Two recent developments have helped highlight the general problem caused by application or implementation of copyright law to restrict access to federal information and federally-funded information and with policies that otherwise restrict access to such information.
First, as many readers may know, Speaker of the House Nancy Pelosi launched a blog in February 2007, and she posted a video taken by a C-SPAN camera of a committee hearing on the blog. The House Republican Study Committee accused her of infringing C-SPAN's copyright in the video and misusing it for partisan purposes.
There was some question of whether this video was in the copyright public domain as a government work under Section 105, which withholds copyright protection from works of authorship created by federal employees within the scope of their employment.

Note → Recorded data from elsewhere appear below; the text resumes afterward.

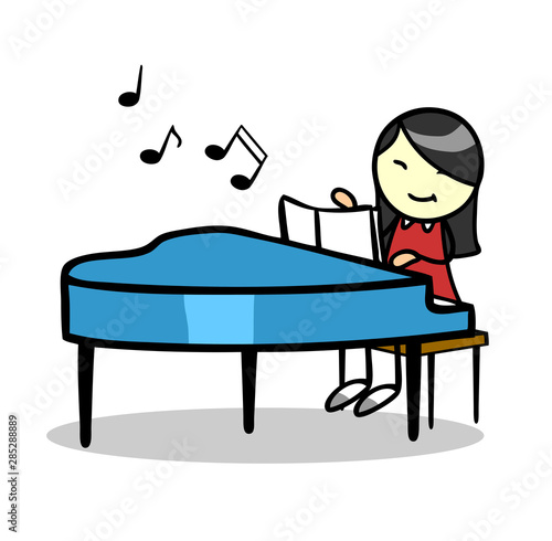 Asiatisches Mädchen spielt Klavier in Musikschule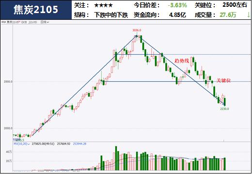 2.盘面: 焦炭今日盘中走弱,随着焦价第四轮调降的开始,焦炭下方空间打开,空头结构明显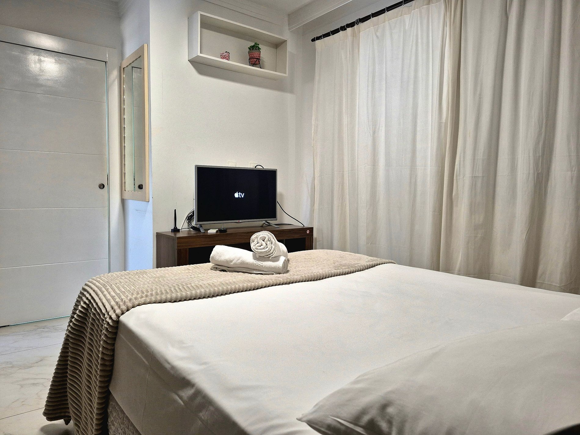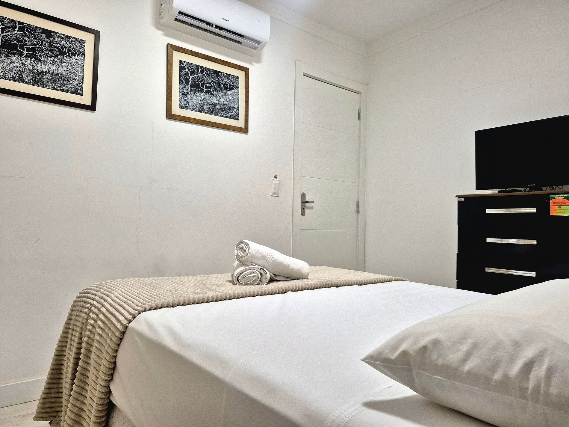 Nosso apê é em um prédio tranquilo, a rua é ao lado da praia e mesmo assim é bem tranquila quanto a transito e barulho. O apê é todo equipado com uma cozinha super completa, estrutura confortável para 2 noites ou para vários dias. TV na sala com Roku Streaming e Ar condicionado em todos os cômodos, sendo um dos quartos uma suíte, todos os cômodos com vista livre , sendo bem iluminados e ventilados. Apartamento com WI-FI. Deixamos tudo pronto para sua comodidade, com roupas de cama e banho.

C-SPAN takes the position that video of proceedings on the floor of the House is in the public domain but that its committee footage is under copyright because it is taken by non-federal employees. However, C-SPAN has adopted a policy (i.e. a license) that "permits" non-commercial use of certain footage with attribution. (See also http://www.lessig.org/blog/archives/003718.shtml.)

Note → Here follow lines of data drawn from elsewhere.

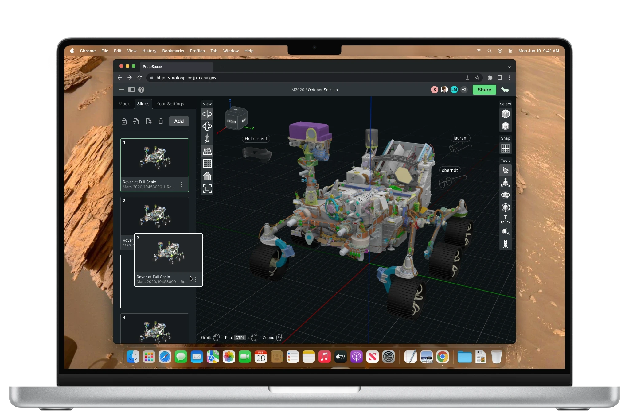 Engineers import their CAD models into the ProtoSpace web app to prepare for an immersive design review in AR. The team can view the model with a HoloLens headset or by joining the session remotely from their web browser.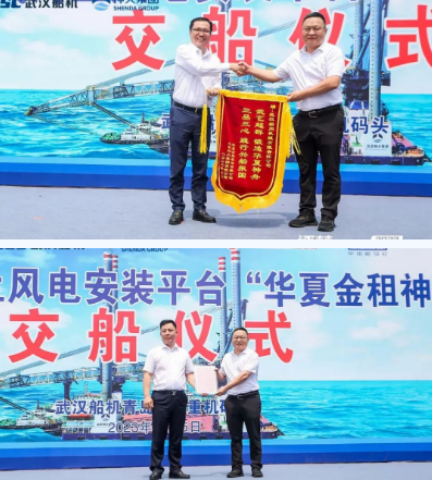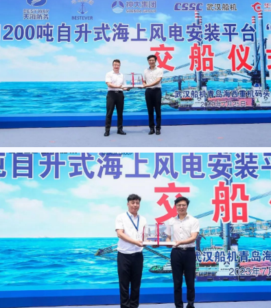 武漢船機黨委書記、董事長馬聚勇,北京神大集團有限公司總經(jīng)理張曉飛,飛勵特船舶管理有限公司副總裁馬利,華夏金融租賃有限公司總裁沈宗慶先后在交船儀式上發(fā)表講話。隨著國家實現(xiàn)“碳達峰、碳中和”目標指引,清潔能源迅速發(fā)展,我國海上風電投入布局和建設加快。為獲取更多的海上風能資源,海上風電正向深遠海風電場拓展,華夏金租神大01號1200噸自升式風電安裝平臺因此而生,是開發(fā)深遠海風電資源的又一利器。該平臺的順利交付,不止是武漢船機依托技術創(chuàng)新、裝備優(yōu)勢、努力拼搏的成就,更是船東、船東代表、監(jiān)理、分包方共同努力耕耘海上風電市場結(jié)出的又一碩果?!?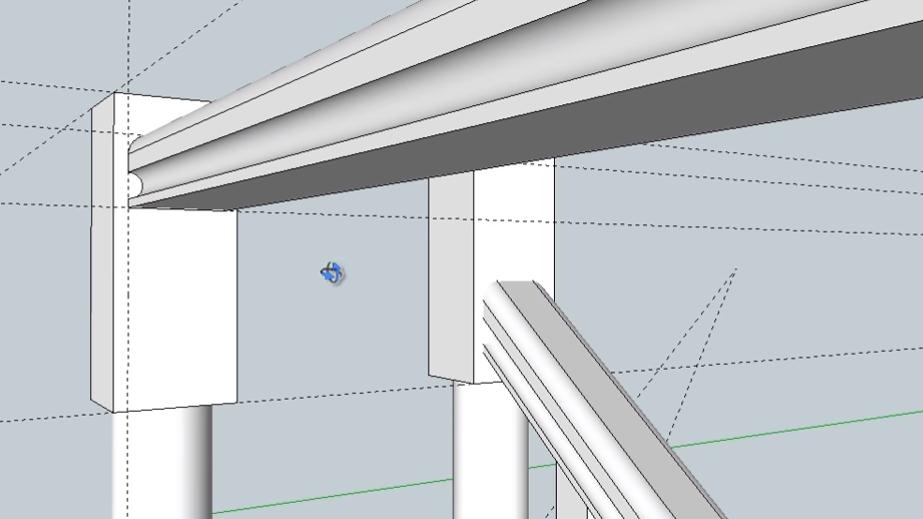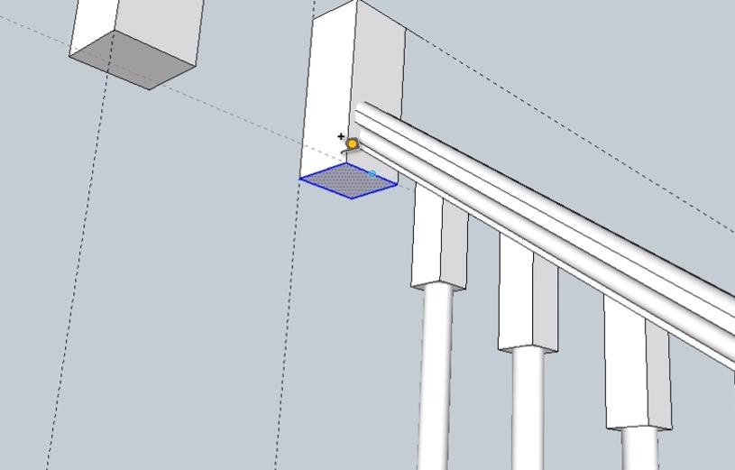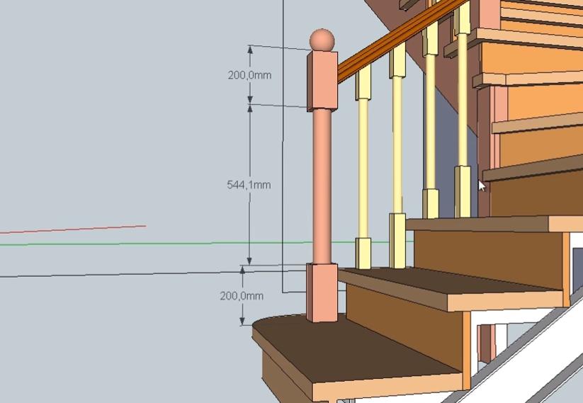 Мы начертили верхний и нижний элементы столба у верхнего окончания перил лестницы.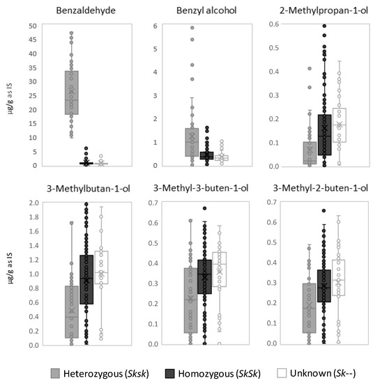 Table 3. Occurrence of main volatile compounds showing significant differences between genotypes (SkSk, Sksk) by Student’s t-test, presented as mean ± standard deviation. Correlation of volatiles with benzaldehyde (in SkSk, Sksk samples) are also shown.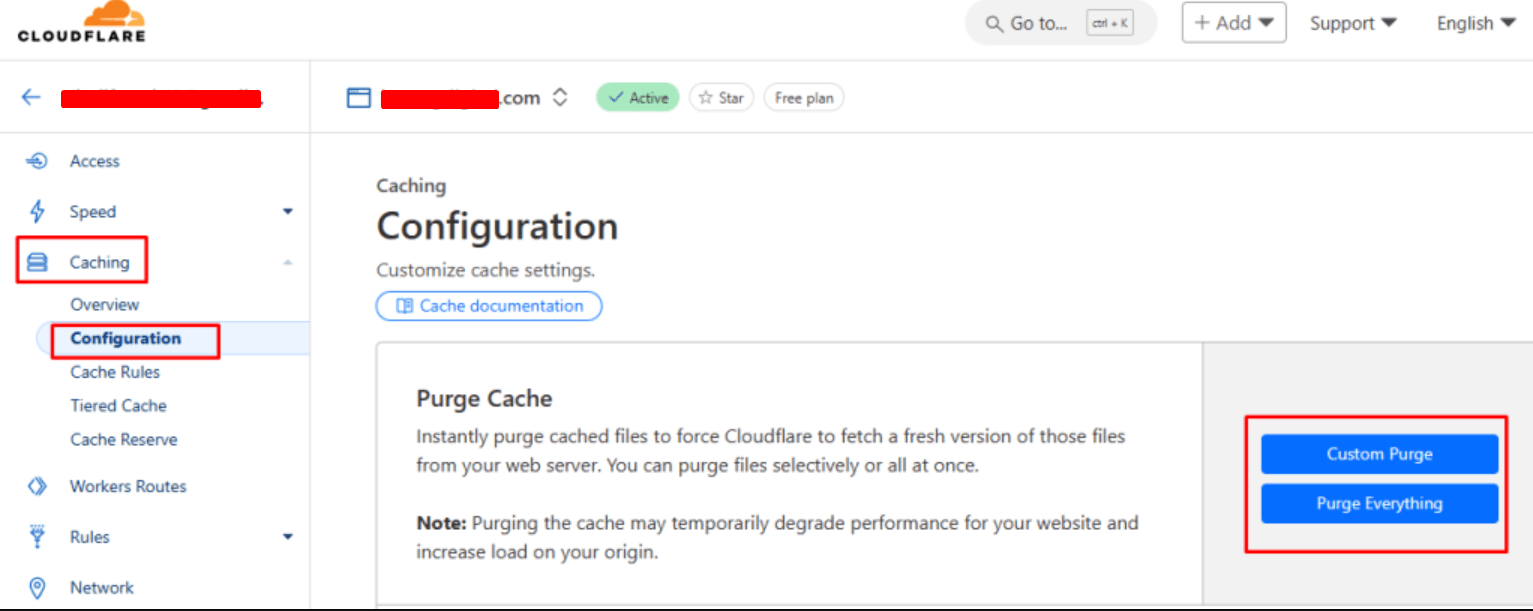 Selain itu, membersihkan cache Cloudflare juga disarankan untuk memastikan perubahan diterapkan dengan benar. Cache berfungsi sebagai penyimpanan sementara data website.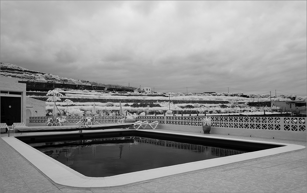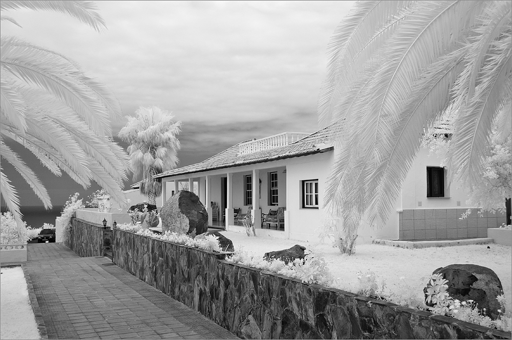 So gegen 12h machen wir uns auf den Weg ins Einkaufszentrum auf der anderen Seite der Autobahn unterhalb des Hügels auf dem unser Hotel thront. Im „Alcampo“ besorgen wir uns Shampoo, Kekse, Wasser, Bier und was man sonst noch alles braucht. Danach geht es zur Finca San Juan zu Jo Schlichting. Wir waren nun schon ein paar Wochen nicht mehr dort und irgendwie haben wir „Heimweh“. Natürlich interessiert es uns auch wie es dort mit der Bewirtung des Restaurants weiter geht. Auf der Finca angekommen ist die Freude groß als wir Jo und seine Frau Karo dort antreffen. Zusammen mit Koch Helmut schmeißt sie jetzt dort den Laden. Und der geht scheinbar richtig gut. Heute sind mehrere Gesellschaften dort, alles zusammen fast 75 Gäste. Am letzten Sonntag waren es 150 Gäste – Qualität zahlt sich aus und wir hoffen sehr, dass wir noch oft zum Brunchen oder Abendessen auf dieser tollen FInca sein dürfen. Gegen 15h verabschieden wir uns wieder und ich habe endlich Zeit ein par Fotos mit der auf Infrarot umgebauten Nikon D300 aufzunehmen. Später im Hotel bin ich dann echt hingerissen von den Ergebnissen. Und alles ist so einfach! Nichts Stativ, Filter ab – dran – ab – dran – ab – 30 Sekunden belichten – Rauschunterdrückung trallala – einfach ISO-200 einstellen, Blende 8 und „Klick“. Bei einer 1/250s gelingen scharfe Infrarot-Fotos aus dem Handgelenk – das ist mehr als cool!!

Too many folks have assumed too quickly that all video is copyrightable. To be an "original work of authorship," the C-SPAN video must reflect a minimal spark of creativity on C-SPAN's part. If, as is likely, C-SPAN has little real choice about where to place its camera or how the room is lit, then there is a very real question about whether this video is in the public domain for lack of originality.

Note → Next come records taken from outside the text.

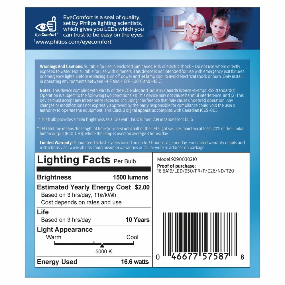 Philips EyeComfort LED bulbs are designed to be comfortable on your eyes, with no visible flicker or glare Enjoy long-lasting, beautiful light for up to 11,000 hours, or up to 10 years with average us…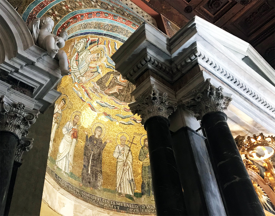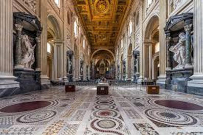La cattedrale di Roma, San Giovanni in Laterano, è la più antica delle quattro basiliche maggiori di Roma e fu voluta nella prima metà del IV sec. d.C. da Costantino e fu costruita sopra la caserma dei Castra Nova Equites singulares, a 5 imponenti navate precedute da un quadriportico. Insieme alla Scala Santa, al palazzo e ad altri edifici scomparsi costituiva la cittadella lateranense del Patriarchio. Fino al trasferimento papale ad Avignone era il centro del potere pontificio: vi fu battezzato nel 774 Carlo Magno, qui fu ascoltato San Francesco e nel 1300 dal Laterano Papa Bonifacio VIII indisse il primo Giubileo della storia nel 1300. Nel X secolo la basilica fu rinnovata e per il Giubileo del 1650 fu intrapreso un colossale lavoro di rinnovamento affidato al Borromini e nel secolo successivo Alessandro Galilei vi aggiunse la maestosa facciata. La visita ci farà conoscere il portale bronzeo della Curia del Foro Romano, il magnifico pavimento cosmatesco (tra i più grandi di Roma), i lacerti degli affreschi di Giotto, gli affreschi dei pittori di Sisto V nel transetto, il ciborio gotico della crociera che contiene le reliquie delle teste dei Santi Pietro e Paolo, la statua bronzea di Enrico IV di Francia, l’imponente mosaico dell’abside di Jacopo Torriti. Infine passeremo al chiostro, voluto dal 1222 da papa Onorio III e realizzato ad opera dei bottega dei marmorari romani dei Vassalletto.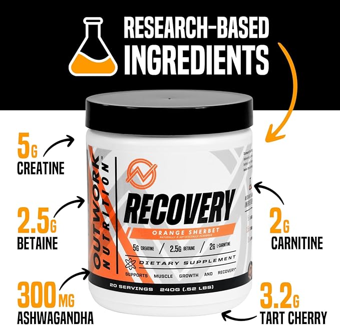 Outwork Nutrition Post Workout Recovery Powder - Creatine Monohydrate, KSM-66 Ashwagandha & Tart Cherry - Speeds Recovery, Eases Soreness - Creatine Powder for Men & Women, Orange Sherbet, 230 Gr
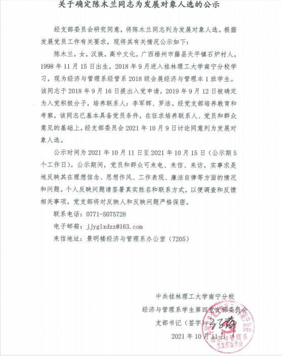 关于确定陈木兰同志为发展对象人选的公示

Second, capitolizing on the moment, a public interest coalition is rightly calling upon Congress to provide open access to the reports of the Congressional Research Service. These are U.S. Government works under copyright law, so this is not a copyright issue but a straight access issue.
This is an important step for the Movement for Open Access Law. For those who define open access as being solely about access to the scholarly literature, should appreciate and embrace this related movement for access to government-funded information.